EL MUNDO
El Saddam Hussein que yo conocí a fines de los ‘70
El periodista británico Robert Fisk estuvo en Bagdad a fines de la década del 70 para una cumbre de países opuestos a la paz entre Egipto e Israel. Aquí describe al Saddam que conoció: amable pero terrorífico.
Por Robert Fisk*
Desde Bagdad
¿Era éste en verdad el hombre cuya mano estreché hace casi un cuarto de siglo? Pasé 24 horas mirando una y otra vez esos videos. Mientras más los veo, más se convierte Saddam Hussein en un animal salvaje. Un estadounidense entrevistado por una agencia de noticias señaló que se había dirigido de inmediato a una iglesia a orar por él.
El rostro que recuerdo de mi encuentro con él en aquella fecha era mofletudo en una forma que algo tenía de insolente, con el bigote tan bien recortado que daba la impresión de que se lo habían pegado con goma, y ese enorme traje cruzado como los que usaban los líderes nazis, demasiado holgado y flojo en los hombros.

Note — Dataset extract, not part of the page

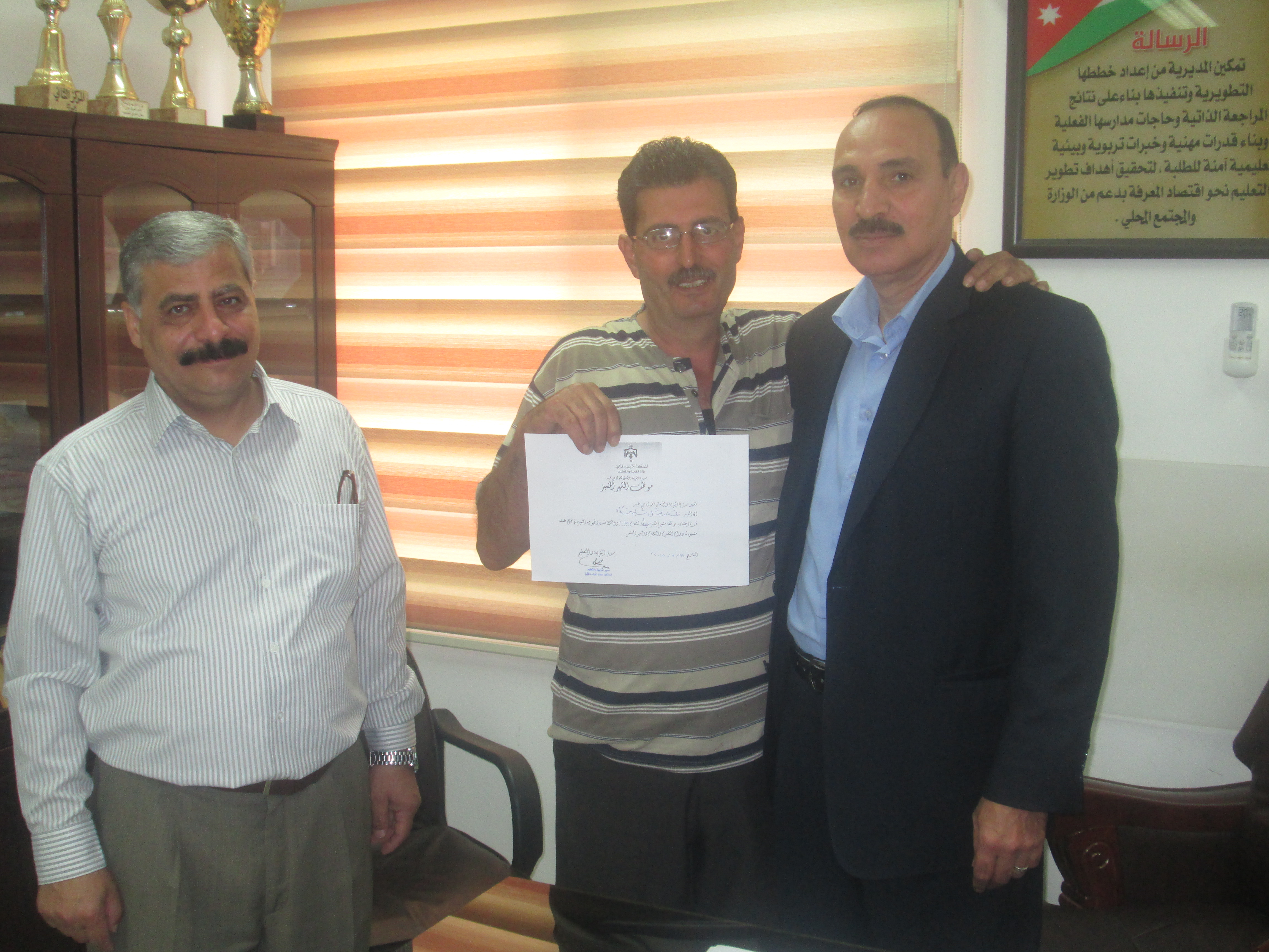 بناءً على تنسيب رئيس قسم الرقابة الداخلية السيد سالم الخصاونة واللجنة المشكلة لاختيار الموظف المتميز فقد قرر مدير التربية والتعليم للواء بني عبيد الدكتور منذر صلاح اختيار السيد زيدان جميل حداد من قسم الأبنية موظف الشهر المتميز لشهر حزيران لجهوده وتفانيه في العمل متمنيا له مزيداً من التقدم والتوفيق

Así pues, volví a mirar esos videos. Cierto, la criatura acosada que muestran no puede retroceder la película. Sus días, como dicen, han terminado. ¿Pensaba ya en escribir sus memorias? Después de encontrar su pequeña biblioteca al lado de su último escondrijo en el Tigris, no me sorprendería. Durante su largo y terrible reinado solía inundar a los reporteros con tratados sobre relaciones internacionales y los derechos de la mujer, y acabó su reinado inundando a su pueblo con novelas rosas. Ayer encontré la filosofía de Ibn Khaldun entre sus libros.
Allá a fines de los ‘70 estuve sentado junto a él en la reunión cumbre del “frente del rechazo”, cuando Bagdad encabezó la resistencia a la iniciativa de paz de Anuar Sadat con Israel. Allí estaban Hafez Assad, de Siria; el rey Hussein de Jordania y una porción de grandes personajes de Medio Oriente, hoy difuntos. Cómo caen los poderosos.
Ahora recuerdo que cuando sonreía –lo cual hacía con demasiada frecuencia– los labios se le retraían demasiado de los dientes, de modo que su calidez se transformaba en una especie de gesto maligno y bestial. En televisión no tenía ese aspecto. Pero cuando uno estaba junto a él, respirando el mismo aire, eso era lo que veía.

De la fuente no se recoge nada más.